A woman in Liberia may have contracted Ebola through sex with a man who had recovered from the virus, the US Centers for Disease Control and Prevention say in a report this morning. The finding isn't conclusive, but the CDC says it's certainly suggested by the timeline of events. The woman didn't appear to have come in contact with anyone displaying symptoms of Ebola, and she was found to have the virus in mid-March, just over a week after having vaginal sex with a man who reported symptoms of Ebola back in late September — about five months earlier.

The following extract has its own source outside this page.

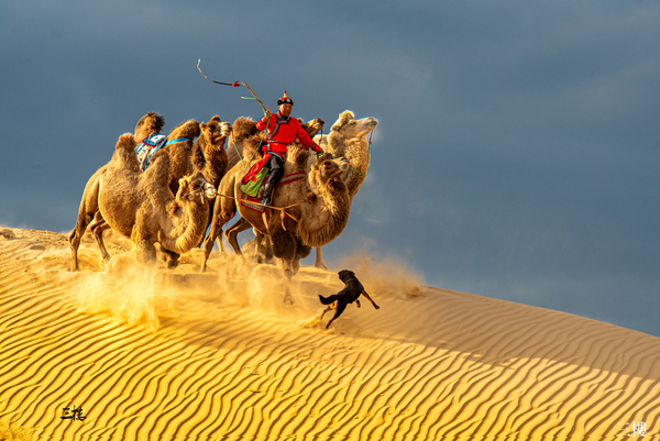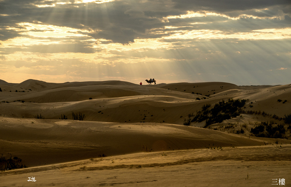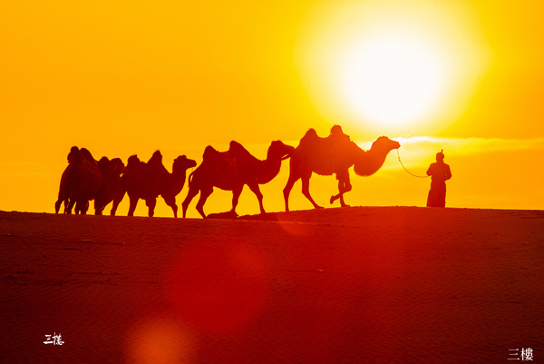 九、沙漠場景:駝隊沖沙、怪柳人像、夕陽駝隊剪影

The finding isn't conclusive, but the pieces match up
No sign of Ebola was found in a blood sample taken from the man, however tests did detect the virus' presence in a sample of his semen. A partial genome sequence of the virus RNA found in the semen is said to "closely match" a sequence taken from the woman. Earlier research has detected traces of Ebola in semen months after the onset of symptoms, but it's never been seen this long afterward. And while there has been a prior report of Ebola being sexually transmitted in the late ’90s, it was ultimately inconclusive. This instance could become the first confirmed case of sexual transmission, or at least prompt further research that confirms the possibility.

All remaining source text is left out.